Bei den meisten der jährlich weit über 1000 Einsätze der niedersächsischen Kampfmittelexperten handelt es sich um kleinere Funde, etwa Munitionsreste. Doch auch die sogenannten Großkampfmittel mit einem Gewicht von mehr als 50 Kilogramm sind keine Seltenheit. 157-mal rückte der KBD nach eigenen Angaben 2023 wegen solcher Funde aus. Seit 2017 haben die Kampfmittelbeseitiger in Niedersachsen jedes Jahr mehr als 100 Tonnen an Munition, Granaten und Bomben sichergestellt. Auch 80 Jahre nach dem Ende des Zweiten Weltkrieges ist ihre Arbeit noch lange nicht beendet.
Die Bomben, die bis heute in Achim unter der Erde begraben sind, dürften vor allem auf die Luftangriffe auf das benachbarte Bremen und die umliegenden Flugabwehrstellungen durch britische und amerikanische Streitkräfte zurückzuführen sein.

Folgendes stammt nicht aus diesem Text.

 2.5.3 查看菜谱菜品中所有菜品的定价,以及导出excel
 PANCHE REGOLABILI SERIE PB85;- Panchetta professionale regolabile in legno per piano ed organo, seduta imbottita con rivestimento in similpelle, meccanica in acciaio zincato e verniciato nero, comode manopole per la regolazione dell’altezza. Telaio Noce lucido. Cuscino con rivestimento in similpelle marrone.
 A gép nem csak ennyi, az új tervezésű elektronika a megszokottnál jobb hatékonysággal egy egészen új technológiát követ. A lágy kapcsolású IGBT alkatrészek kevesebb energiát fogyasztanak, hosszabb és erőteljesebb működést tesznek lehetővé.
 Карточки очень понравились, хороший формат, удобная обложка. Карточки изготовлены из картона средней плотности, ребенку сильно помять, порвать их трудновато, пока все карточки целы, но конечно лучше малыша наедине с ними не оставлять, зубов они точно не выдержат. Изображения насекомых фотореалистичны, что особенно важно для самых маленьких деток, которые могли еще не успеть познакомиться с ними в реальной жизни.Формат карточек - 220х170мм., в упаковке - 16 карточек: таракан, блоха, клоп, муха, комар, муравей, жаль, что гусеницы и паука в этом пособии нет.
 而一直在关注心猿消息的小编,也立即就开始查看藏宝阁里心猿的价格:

Im Achimer Geschichtsheft Nummer 26 hat Lokalhistoriker Reinhard Dietrich die Bombenentschärfung in Bollen zum Anlass genommen, die Angriffe auf die Hansestadt während des Zweiten Weltkriegs genauer zu beschreiben. Demnach zählte die Luftpolizei 173 Luftangriffe, bei denen insgesamt knapp 900.000 Bomben abgeworfen worden sind.

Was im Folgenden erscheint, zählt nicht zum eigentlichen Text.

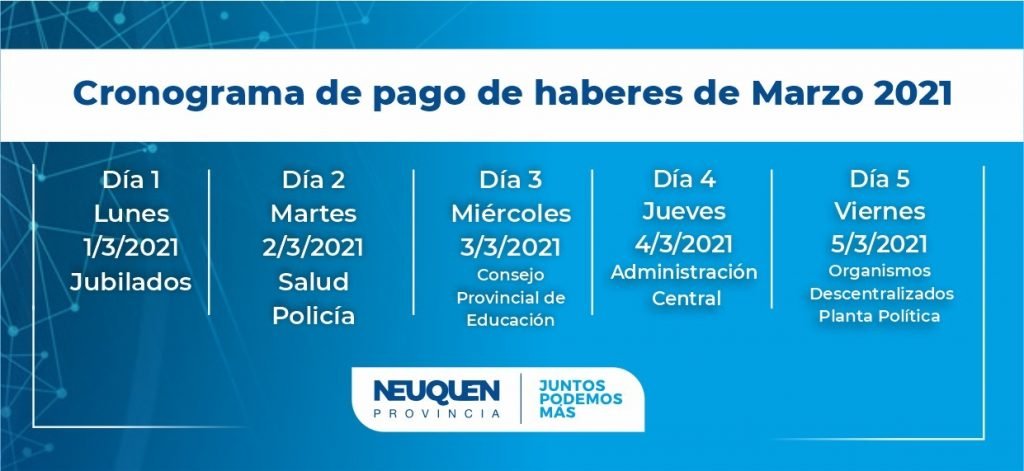 Se dio a conocer el cronograma de pago de los haberes que corresponden a marzo de 2021, y el lunes 1 de marzo, se inicia con los jubilados del Instituto de Seguridad Social de Neuquén.
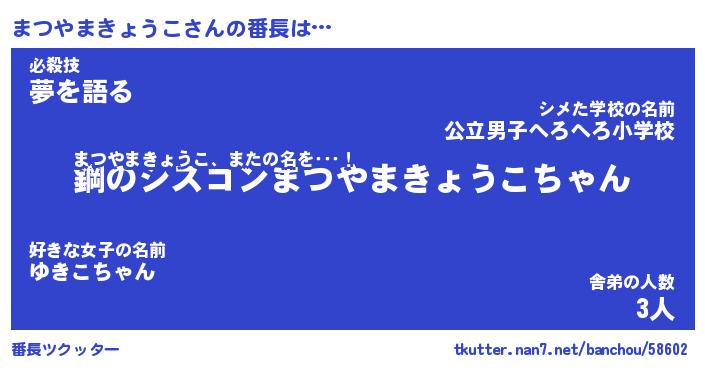 | 男性向けラノベタイトル風あだ名 | 『マツヤマキョウコアートオンライン』 |
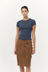 A forever favourite silhouette, the Organic Cotton Baby Tee features a classic crewneck cropped silhouette, short-sleeve design and fitted shape. Easy for everyday wear and crafted from 100% organic cotton for a super soft hand feel. DETAILS Materials - 100% Organic Cotton - Organic Content Standard (OCS) Certificate Garment Details - Crew neck, cap sleeve, waist length - Fitted Manufacturing - SMETA Sedex Ethical Audit - Responsibly made in China CARE - Wash and dry garment turned inside out - Cold hand wash separately - Do not soak - Do not bleach - Do not twist or wring - Do not tumble dry - Dry flat in shade - Cool iron on reverse side - Do not dry clean (X)
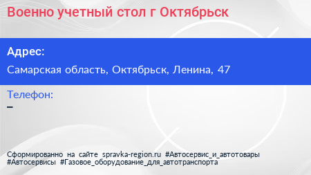 Военно-учетный стол, г. Октябрьск по адресу Самарская область, Октябрьск, Ленина, 47 в дальнейшем Организация, размещена в следующих категориях:
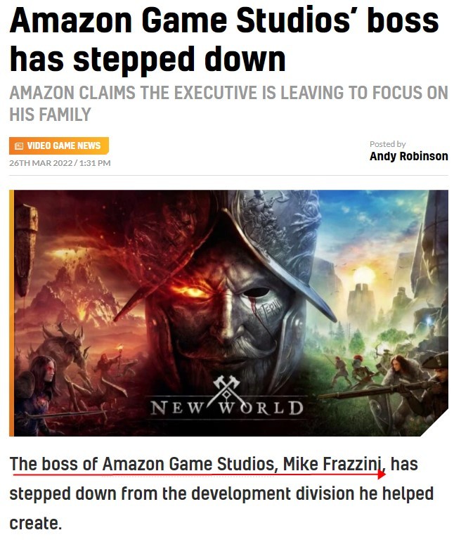 2022年3月,有媒体报道,亚马逊游戏工作室(Amazon Game Studios)创始人迈克•弗拉奇尼(Mike Frazzini)已经离职。亚马逊发言人瑞恩·琼斯Ryan Jones说,这位高管告诉员工,他离开是为了专注于家庭。
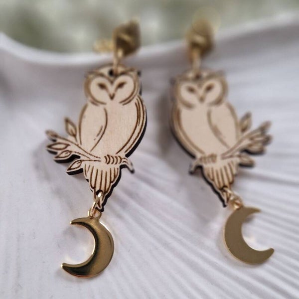 Ontdek onze prachtige houten oorbellen met lasergravure van de wijze uil en de betoverende maansikkel, gecombineerd met een stijlvolle roestvrijstalen hangertje. Deze unieke sieraden symboliseren wijsheid, intuïtie en nachtvriendelijkheid – perfect om je innerlijke kracht te accentueren.
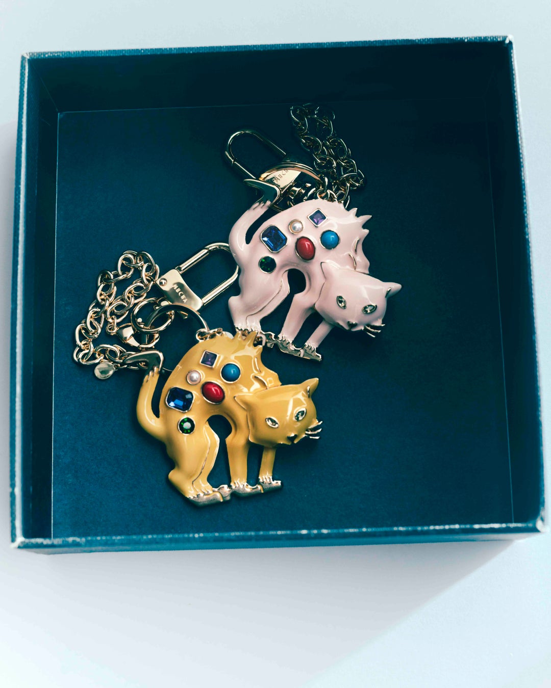 カラフルなバッグチャームやヘアアクセサリーなど、19世紀末パリの空気感を纏った美しくも気高い猫たちの意匠が揃う最新作
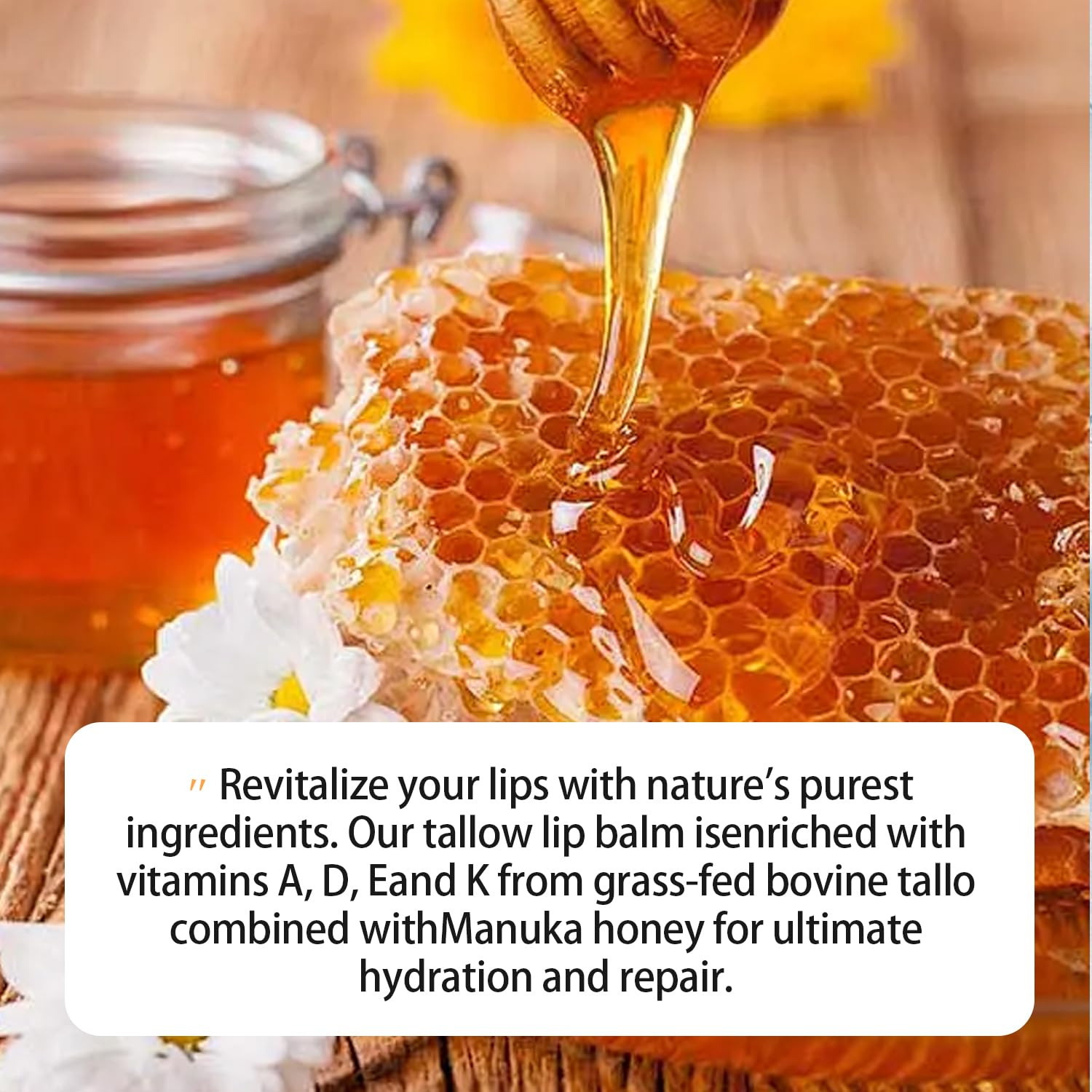 Tallow Lip Balm With Grass-Fed Beef Tallow & Manuka Honey Long-Lasting Moisturizing Lip For Cracked and Dull Lip, Natural Balm 5g/0.17oz
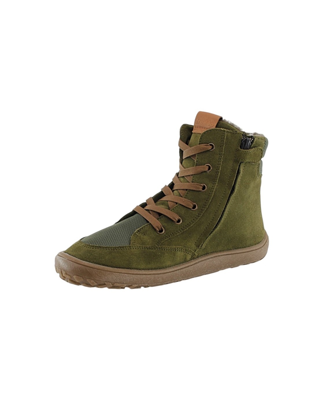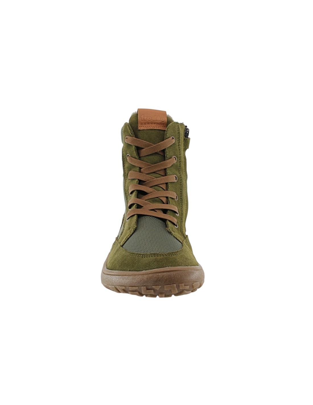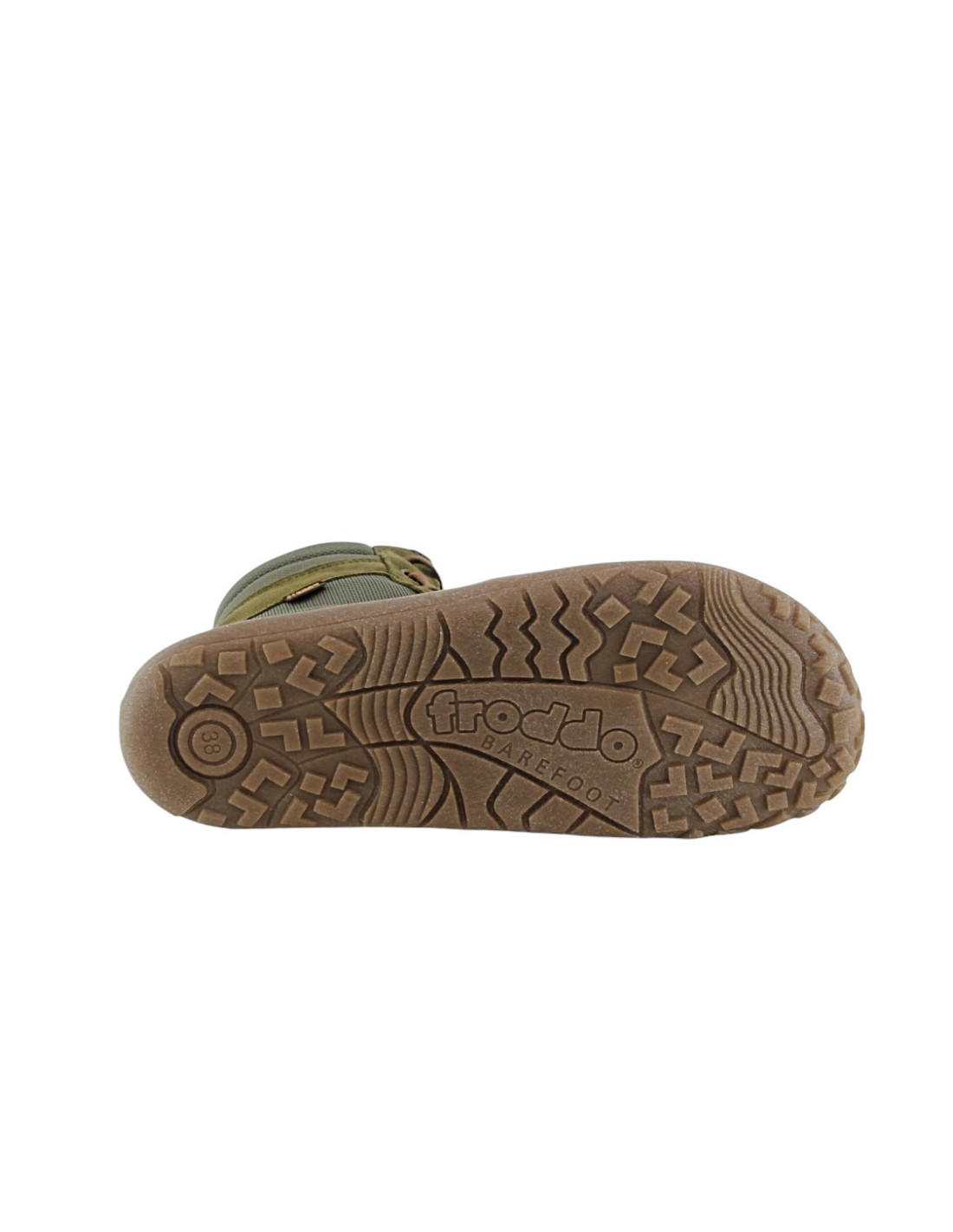 Botines barefoot de la marca Froddo, modelo Tex de color verde. Están hechos con materiales textiles y pieles impermeables de las mejores calidades. Su suela de goma es muy amplia, flexible y ligera, y imita la forma natural de los pies.

Begleitet wurden die Luftschläge von Aufklärungsflügen. Die jeweils vor und nach den Angriffen entstandenen Luftbilder bilden heute die Grundlage für die Arbeit der Kampfmittelbeseitiger. Im aktuellen Fall hat der KBD in die Archive geschaut, weil das Unternehmen Gasunie Versorgungsleitungen zur Verdichterstation in Achim-Embsen verlegen will. Bei der Sichtung der alten Bilder seien nicht nur Krater an den Stellen gefunden worden, an denen Bomben explodiert sind, sondern auch schwarze Punkte, die auf Blindgänger hindeuten könnten, erklärt Sprecherin Schönewolff. Eine Räumfirma habe daraufhin die Stellen vor Ort genauer untersucht und festgestellt, dass dort tatsächlich etwas unter der Erde liegt. Es gilt als ziemlich sicher, dass es sich tatsächlich um Blindgänger handelt. "Aber man weiß nicht: Ist das eine kleine oder eine große Bombe?", sagt Schönewolff. "Was ist es für ein Zünder?" All das müssen die Experten am 9. Juni herausfinden.